Эта публика готова стать приказчиками-плохишами "международного сообщества", т.е. мировых ростовщиков и транснациональных корпораций, не чувствуя, что новые хозяева вышвырнут их за борт, как только осуществят пиратский захват флагмана "Россия". Впрочем, и в случае, если захвата не произойдёт, их всё равно вышвырнут — это сделает команда флагмана.
Эта обреченность порождает в аутофобах неизбывную ненависть к России — ненависть раковой клетки к организму, который она использует. Вопрос лишь в средстве лечения: терапевтически или хирургически?
Александр АГЕЕВ, политолог.
С либерализмом всё более-менее ясно — поговорим о предательстве. Есть ситуации, когда предательство и измену можно квалифицировать абсолютно ясно. Так, нарушение присяги, переход на сторону противника в ходе войны или оказание ему шпионских услуг во вневоенное время. Эти услуги и поступки караются законом и моралью. Поэтому любой шпион типа генерала Полякова или дипломата Шевченко — ясные ситуации измены и предательства, государственной измены. Отказ от того, что является присягой, клятвой, то или иное отречение от веры, от принципов, сильных обещаний — это все ясные ситуации предательства и измены. Можно вспомнить в этом контексте преподобного мученика Феофана Ватопедского. Родился он в семье благочестивых христиан в Греции во времена османского владычества. В юном возрасте отрекся от Христа и принял ислам. Позже раскаялся в этой измене и стал иноком Ватопедского монастыря на Афоне. Но совесть побуждала его к еще более высокому искуплению своего предательства. Придя в столицу Османской империи, он во всеуслышание заявил об отречении от ислама, за что полагалась смертная казнь. Его пытали, заставляли отречься от христианства, ничего не добились, казнили.
Второй момент, который важно иметь в виду, связан с тем, что именно наша великая страна пережила совершенно уникальный опыт, который породил самые тяжелые трагедии и самые высокие искупления. Даже Германия ни после 1918 года, ни после 1945 года не переживала такой фундаментальной катастрофы, как наша страна, когда и в 1917 году, и в 1991 году произошла не просто смена государственной власти, но смена идеологии. В Германии, при всех нюансах процессов нацификации, а затем — денацификации, ничего подобного не было. Но есть одна тонкость — Победа 1945 года. Она была и остается для России чем-то, что выше всяких мерил, почти религиозным откровением, которое до сих пор в полной мере не осознано.

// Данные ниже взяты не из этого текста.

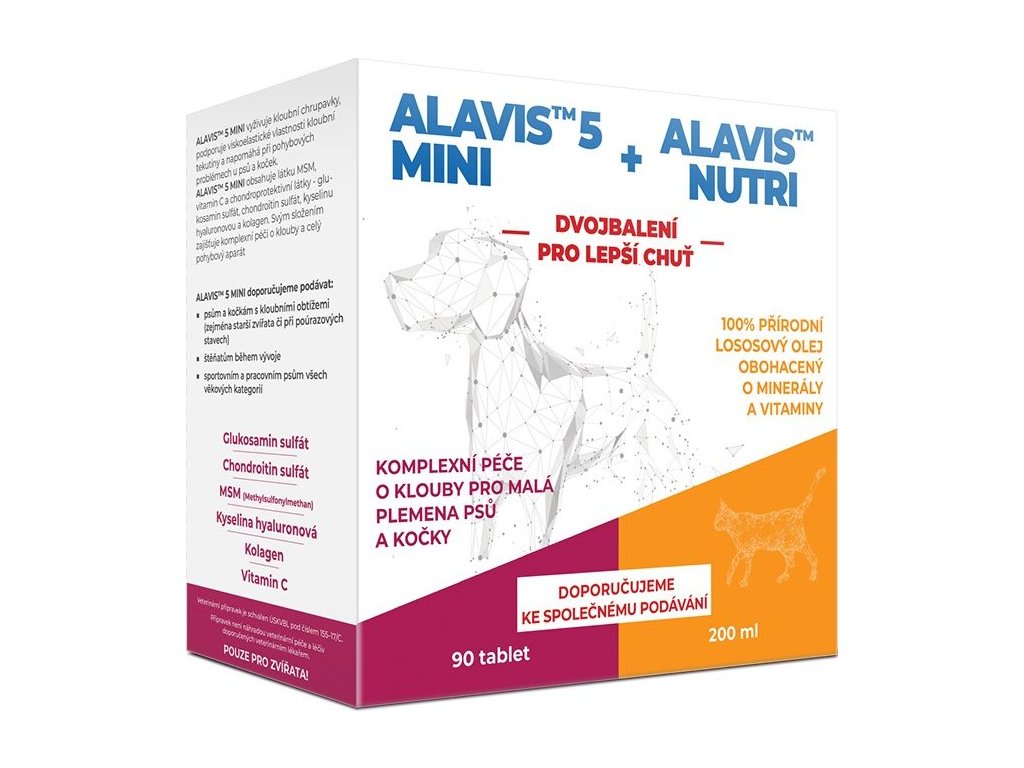 ALAVIS™ 5 MINI vyživuje kloubní chrupavky, podporuje promazávací vlastnosti kloubní tekutiny, napomáhá při pohybových problémech u psů a koček.
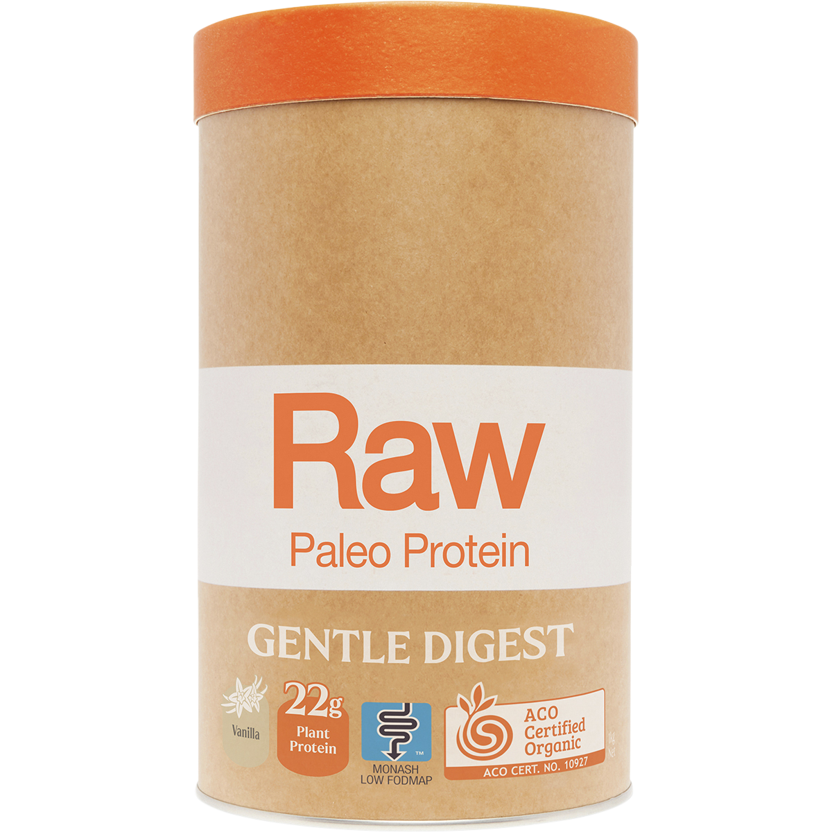 Ingredients: Fermented Paleo Wholefood Protein Blend [Organic Sprouted & Fermented Pea Protein*, Sacha Inchi Protein*, Organic Fermented Paleo Blend* (Spirulina*, Millet*, Quinoa*, Spinach*, Alfalfa Grass*, Sweet Potato*, Pumpkin Seeds*, Sunflower Seeds*, Linseeds*, Chia Seeds*, Molasses*#)], Natural Vanilla Lucuma Blend (Natural Flavours, Lucuma*, Stevia Leaf Extract*), Acacia Fibre*, Digestive Enzyme (Bromelain). *Certified Organic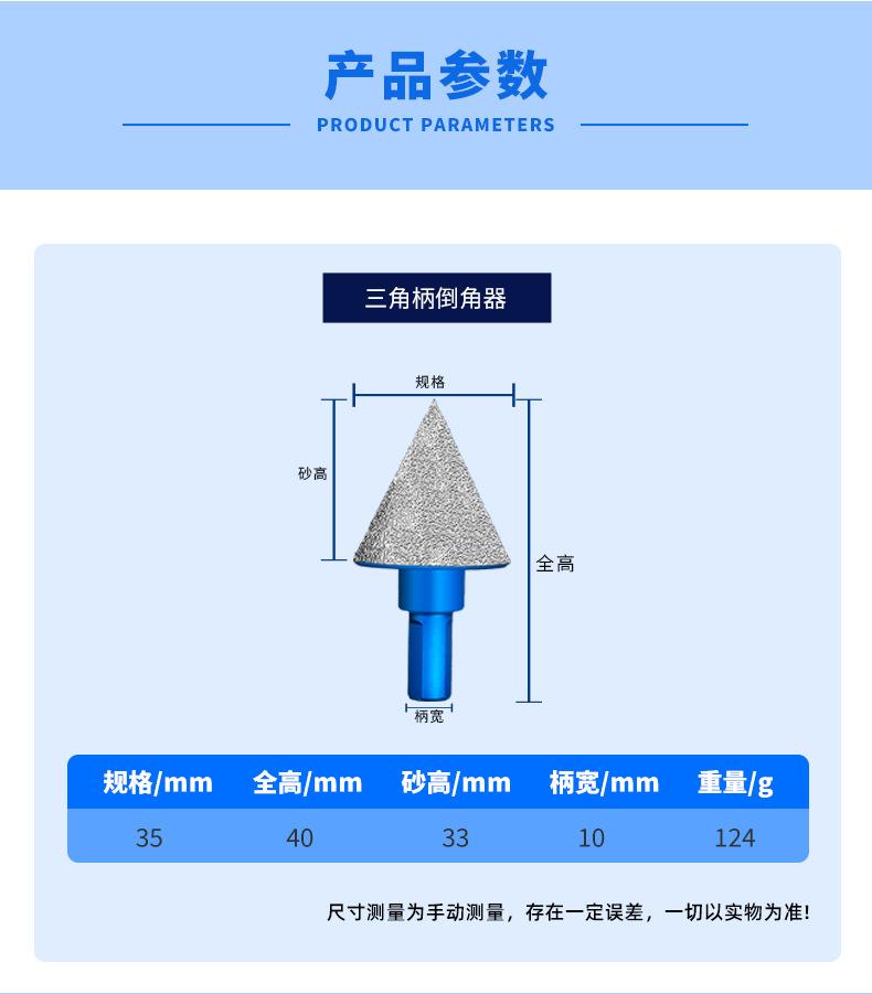 Mango Triangular Diamante Soldado Azulejo Mármol Cerámica Granito Cuarzo Biselado Expansor de Agujeros

Если же углубляться в отечественную историю, мы увидим в ней и Раскол XVII века, и — чуть ранее — Смуту, и ордынское иго, и Крещение Руси с отказом от прежних богов. И каждое из этих потрясений порождало то, что квалифицируется как предательство в одной культурной среде, но в другой ценностной системе координат носит совершенно иной, глубоко позитивный характер. Это момент идентификации по признаку "свой/чужой". И если ты что-то делаешь ради "чужих" во вред "своим" — это и есть предательство. Поэтому Сноуден — безусловно, предатель, на взгляд США, за что его и лишили американского гражданства. Хотя в качестве "гражданина мира", защитника интересов и прав всего человечества, он — несомненный герой.
Так на каком уровне мы в принципе можем говорить о предательстве? На уровне личностном? Конечно. Друзья, товарищи, один изменил, предал — ясно. На уровне рода? Тоже, в принципе, дело ясное. На уровне общины, в которой человек живет, на уровне профессионального сообщества. Мы найдем массу примеров, когда возникают профессиональные кланы, где предательство через клубление интриг является неявной, но значимой ценностью. Уровень страны — появляется идеология, вера, цивилизация, и в конце концов мы опять приходим к космосу и хаосу. Кто мы? Космические существа, сакральные, люди чести, следующие принципам и заповедям, или вертлявые, конъюнктурные существа? В итоге придем к Хаму. Где начинается предательство Хамом своего отца? Когда он стал на его наготу смотреть и потешаться. То есть в Ветхом завете еще очень четкое указание моральных ограничений, где нужно остановиться. И однозначная моральная рекомендация в отношении пренебрегающих — презрение. Презрение, дистанцирование от всех этих поступков и взглядов.
Момент прощения. Он тоже проходит красной нитью во всей мировой истории. Фактически прощение и даже защита Каина, прощение Хама, и, наконец, прощение блудного сына. Человечество заблудилось — и всё равно Отец его прощает. Это, правда, не исключает уничтожения Содома и Гоморры, если там не найден ни один праведник. И не оправдывает предательства Иуды, который предал Бога и не раскаялся в этом предательстве.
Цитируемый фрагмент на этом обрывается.